Diacritics insensitive search

Does Manticore supports it? For which languages and how?

Hi. Manticore by default does accent insensitive tokenization with

charset_table=non_cjk

which is also a default in RT mode.

For example:

mysql> create table t(f text);
Query OK, 0 rows affected (0.00 sec)

mysql> call keywords('café, cliché, façade, Chloë, Brontë, pādā for payday, São Paulo', 't');
+------+-----------+------------+
| qpos | tokenized | normalized |
+------+-----------+------------+
| 1    | cafe      | cafe       |
| 2    | cliche    | cliche     |
| 3    | facade    | facade     |
| 4    | chloe     | chloe      |
| 5    | bronte    | bronte     |
| 6    | pada      | pada       |
| 7    | for       | for        |
| 8    | payday    | payday     |
| 9    | sao       | sao        |
| 10   | paulo     | paulo      |
+------+-----------+------------+
10 rows in set (0.00 sec)

If you want to change the behaviour you can specify your own charset_table. See Manticore Search Manual for details.

Thanks, interesting. What about Greek extended?
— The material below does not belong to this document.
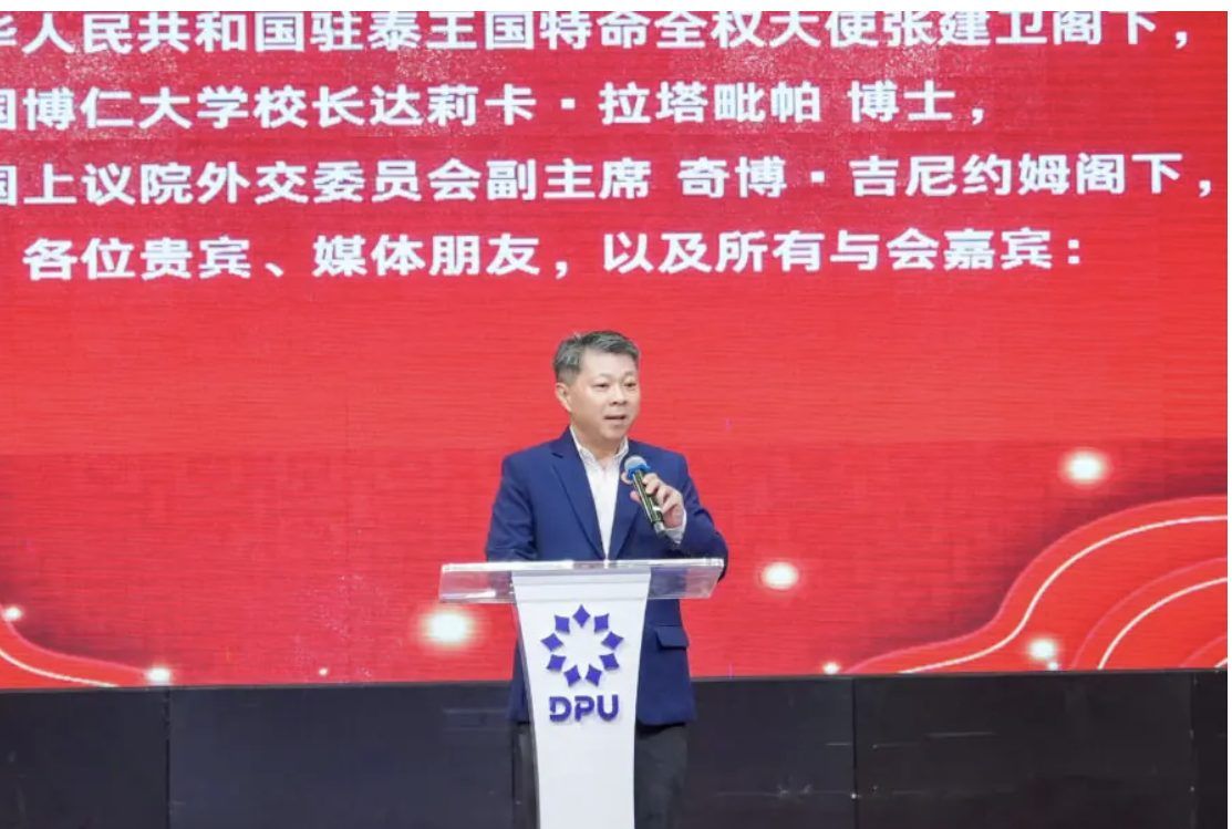 ดร.ดาริกา ลัทธพิพัฒน์ อธิการบดีมหาวิทยาลัยธุรกิจบัณฑิตย์ (DPU) กล่าวว่า ในวาระที่เฉลิมฉลองความสัมพันธ์ทางการทูตไทย-จีนครบ 50 ปี มีความหมายอย่างยิ่ง สะท้อนถึงมิตรภาพอันแน่นแฟ้นและมั่นคงระหว่างสองประเทศ ที่เติบโตบนพื้นฐานของความไว้วางใจ ความร่วมมือ และการแลกเปลี่ยนทางวัฒนธรรม การศึกษา และเศรษฐกิจอย่างต่อเนื่อง DPU ให้ความสำคัญกับการสร้างความร่วมมือทางการศึกษา ผ่านโครงการแลกเปลี่ยนนักศึกษาระหว่างทั้งสองประเทศ รวมถึงส่งเสริมการเรียนรู้ภาษาจีน และการทำงานร่วมกับสถาบันขงจื่อเส้นทางสายไหมทางทะเล เพื่อเปิดโลกทัศน์ให้เยาวชนไทยได้เข้าใจประเทศจีนในหลากหลายมิติ ไม่ว่าจะเป็นภาษา วัฒนธรรม เทคโนโลยี หรือเศรษฐกิจของโลกในยุคใหม่

Does not appear to work here
https://tatoeba.org/en/sentences/search?from=&query=Αιγυπτον&to=

https://tatoeba.org/en/sentences/search?from=&query=Αἴγυπτον&to=

Not sure what charset_table Tatoeba are using (I remember they have a custom one), but here’s a one-liner which you can use to test how Manticore normalizes text:

snikolaev@dev:~$ docker stop manticore; docker rm manticore; docker run --name manticore --rm -d manticoresearch/manticore:latest && docker exec -it manticore mysql -e "create table t(f text); call keywords('Αἴγυπτον', 't');" && docker stop manticore
Error response from daemon: No such container: manticore
Error: No such container: manticore
a87f45eee602919422f244594aa1d99bd85ef317b0dc5f1e9cd6e3d16b2fca63
+------+------------------+------------------+
| qpos | tokenized        | normalized       |
+------+------------------+------------------+
| 1    | αιγυπτον         | αιγυπτον         |
+------+------------------+------------------+
manticore
snikolaev@dev:~$ docker stop manticore; docker rm manticore; docker run --name manticore --rm -d manticoresearch/manticore:latest && docker exec -it manticore mysql -e "create table t(f text); call keywords('Αιγυπτον', 't');" && docker stop manticore
Error response from daemon: No such container: manticore
Error: No such container: manticore
9141e9c6b4c5f374690427efa2491c01ce13eceed5b5ab5a3bac059bad05c634
+------+------------------+------------------+
| qpos | tokenized        | normalized       |
+------+------------------+------------------+
| 1    | αιγυπτον         | αιγυπτον         |
+------+------------------+------------------+
manticore

The md5s are the same:

snikolaev@dev:~$ echo αιγυπτον|md5sum
7c08eb91835831d37af45b977dac64af  -
snikolaev@dev:~$ echo αιγυπτον|md5sum
7c08eb91835831d37af45b977dac64af  -
snikolaev@dev:~$

Interesting. If that is the default, then you could update the description saying that it supports Greek extended. Would be safe first to test with all Greek extended characters to see if they are normalized, you can find them here: Ancient Greek polytonic letters/characters (accented, non-accented, lowercase, uppercase, capitals)

By the way, is it possible to have a setting that toggles between diacritics-insensitive and diacritics-sensitive mode so that the users can decide for themselves?

charset_table is an index option that set on creating index table and user can not change it at runtime.

It could be better to create different indexes with its own settings and query these indexes.